Remotely Sensed Trajectory Analysis of Channel Migration in Lower Jingjiang Reach during the Period of 1983–2013

by Chao Yang, Xiaobin Cai, Xuelei Wang, Ranran Yan, Ting Zhang, Qing Zhang and Xiaorong Lu

Remote Sens. 2015, 7(12), 16241-16256; https://doi.org/10.3390/rs71215828 - 03 Dec 2015

Cited by 55 | Viewed by 6112

Abstract

In China, the Lower Jingjiang Reach (LJR) of the Yangtze River could be one of the most complicated areas in terms of channel migration. The river had undergone many channel changes in the reach since the 18th century. Intensive human activities in recent decades, such as the construction of upstream dams and revetments, had directly affected the channel migration characteristics. The revetment would significantly diminish migration, whereas the reduced sediment caused by dams would increase bank erosion and bank failure risks. Satellite imageries of Landsat Multi Spectral Scanner (MSS), Thematic Mapper (TM), Enhanced Thematic Mapper Plus (ETM+) and Operational Land Imager (OLI) were employed to quantify the planform migration of the reach from 1983 to 2013 and to investigate the possible effect of human activities on the LJR channel evolution. Apart from the commonly used planform morphometric parameters, the migration direction was introduced to predict the future migration trends. Results showed that the LJR was gradually changing to a straighter channel, with sinuosity reducing from 2.09 to 1.9 and river length decreasing from 125.32 km to 113.31 km in the past 30 years. Planform morphometric parameters, such as migration rate of the channel centerline and erosion and deposition areas and rates, also decreased drastically in the past 30 years. The migration rate of the channel centerline decreased from 31.05 m·year⁻¹ in 1983–1988 to 11.62 m·year⁻¹ in 2009–2013. The lateral erosion and deposition areas decreased from 21.32 and 25.73 km² in 1983–1988 to 4.83 and 5.83 km² in 2009–2013. All of these findings indicate that the LJR tended to be in a steady state from 1983 to 2013 and was totally controlled by the bank revetments.
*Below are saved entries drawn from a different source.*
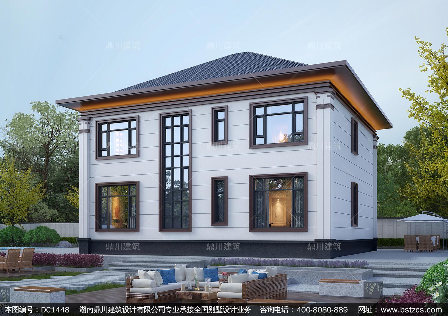 新中式二层别墅施工图纸及效果图_农村自建别墅设计,鼎川建筑
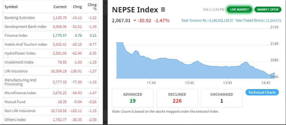नेप्से ३० अंकले घट्यो, फाइनान्स बाहेक सबै उपसूचक राताम्मे
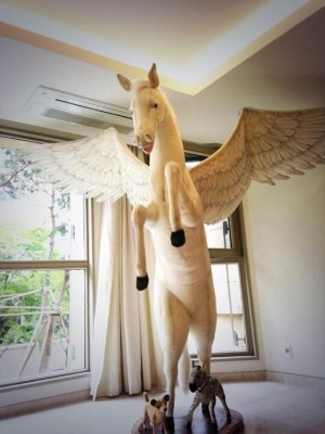 写真には、2本足で立ち上がった状態の大型のペガサス像が写っている。かなりの大きさで、頭部や背中の羽は天井にすれすれなほど。室内に置くオブジェとしては存在感がありすぎるような気も。メスが気に入らなった理由も気になるところだ。

However, the undercutting was strengthened because of the restrictive effect of revetments on lateral migration in the LJR. Moreover, the channel migrated to the left bank with a visible tendency as the total migration area to the left bank was approximately two times that of the right bank during the period. Consequently, the left bank of the LJR should be the focus of more attention in future migrations, and bank revetments of the left bank should be kept reinforced and adjusted with the change of water and sediment conditions. Full article

(This article belongs to the Special Issue Remote Sensing in Geology)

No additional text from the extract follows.